Savara Begins Rolling BLA for Molbreevi for Rare Lung Disease

Pharmaceutical company Savara has initiated a rolling biologics license application (BLA) with the FDA for its drug Molbreevi (molgramostim) as potential treatment of the rare lung disease autoimmune pulmonary alveolar proteinosis (aPAP), according to a recent press release.

Savara expects to complete the submission by the end of the first quarter of 2025. The company will request a priority review of the BLA when submission is completed. Molbreevi was granted fast track and breakthrough therapy designations in 2019, orphan drug designation for the treatment of aPAP.

Autoimmune pulmonary alveolar proteinosis is a rare lung disease that affects approximately 7 in 1 million people in the United States, the American Lung Association says. It is caused by a build up of proteins and fats in the alveoli, or air sacs, of the lungs, which prevents air from getting through the alveoli. Patients with aPAP experience shortness of breath, cough and secondary lung infections. In severe cases, a lung transplant may be required. The only option to clear excess fluid from the lungs is by performing a lung lavage, in which the lung is flushed out by upwards of 50L of saline and then drained by gravity.

Molbreevi is a recombinant human granulocyte-macrophage colony-stimulating factor (GM-CSF) that is administered using a nebulizer. Molbreevi is believed to activate macrophages in the lung alveoli, thus potentially restoring their ability to clear the build up of proteins and fats.

The application for Molbreevi is based on data from the ongoing phase 3 IMPALA-2 global trial in which 164 patients received Molbreevi or placebo. Effectiveness was measured using the diffusing capacity for carbon monoxide (DLCO) test, which measures how well the lungs transfer gas from the air into the bloodstream.

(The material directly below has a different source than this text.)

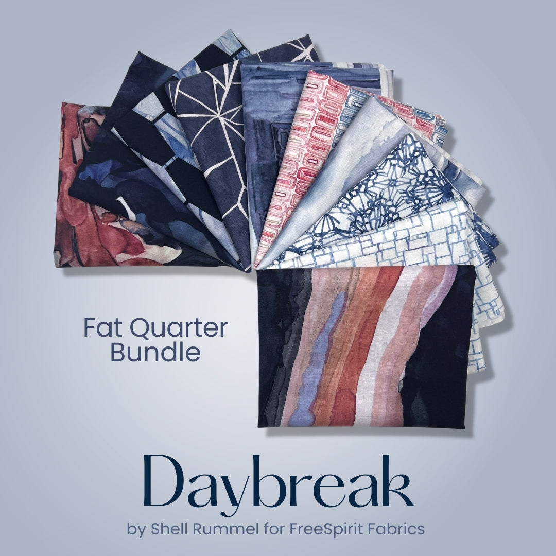 Inspired by the quiet beauty of early morning light, Daybreak by Shell Rummel features soft watercolor textures, layered brushstrokes, and modern geometric elements, with a sophisticated palette of inky blues, misty grays, soft blush, and warm neutrals that captures the calm transition from night to day. This 10 piece fat quarter bundle offers a beautifully coordinated selection of prints

Topline data released in June 2024 show the trial met its primary endpoint. At week 24, there was a statistically significant change from baseline in DLCO. Additionally, this was sustained at week 48, a secondary endpoint, which demonstrated durability of effect.

The frequency of adverse events was generally similar between treatment groups. Two patients (2.5%) discontinued Molbreevi treatment due to adverse events, both of which were considered unrelated to trial drug. The most commonly reported adverse events in the Molbreevi group were COVID-19, cough, and pyrexia, with COVID-19 occurring more frequently with Molbreevi than with placebo.

In September 2024, the company began an expanded access program to provide patients with early access to Molbreevi. The program enables physicians to require the drug for eligible patients.